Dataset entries
=======
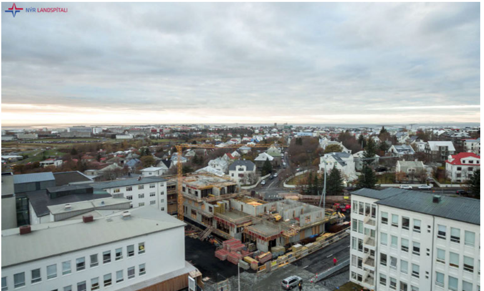
Stefnt er að því að byggingaframkvæmdum við nýjan spítala ljúki í árslok 2023. Hér er mynd af framkvæmdum við sjúkrahótel sem nú eru í fullum gangi.

Ráðherra segir að ef horfið verði frá núverandi verkáætlun og gera ætti ráð fyrir framtíðaruppbyggingu Landspítala annars staðar þyrfti að taka tillit til þess að skipulagsferli og útfærslu byggðar þurfi ávallt að
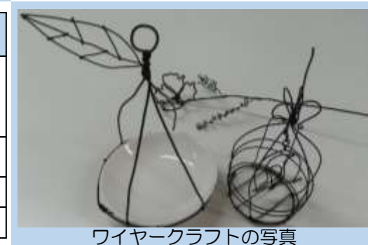
ワイヤークラフトの写真
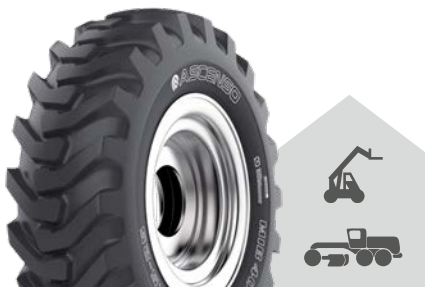
MIB 405 [L-2/G-2] TL

Multifunkční použití na kolových nakladačích a menší stavební technice
=======
** Assigned task **
Skip the pictures and output all entries exactly.

** Task solution **
Stefnt er að því að byggingaframkvæmdum við nýjan spítala ljúki í árslok 2023. Hér er mynd af framkvæmdum við sjúkrahótel sem nú eru í fullum gangi.

Ráðherra segir að ef horfið verði frá núverandi verkáætlun og gera ætti ráð fyrir framtíðaruppbyggingu Landspítala annars staðar þyrfti að taka tillit til þess að skipulagsferli og útfærslu byggðar þurfi ávallt að
ワイヤークラフトの写真
MIB 405 [L-2/G-2] TL

Multifunkční použití na kolových nakladačích a menší stavební technice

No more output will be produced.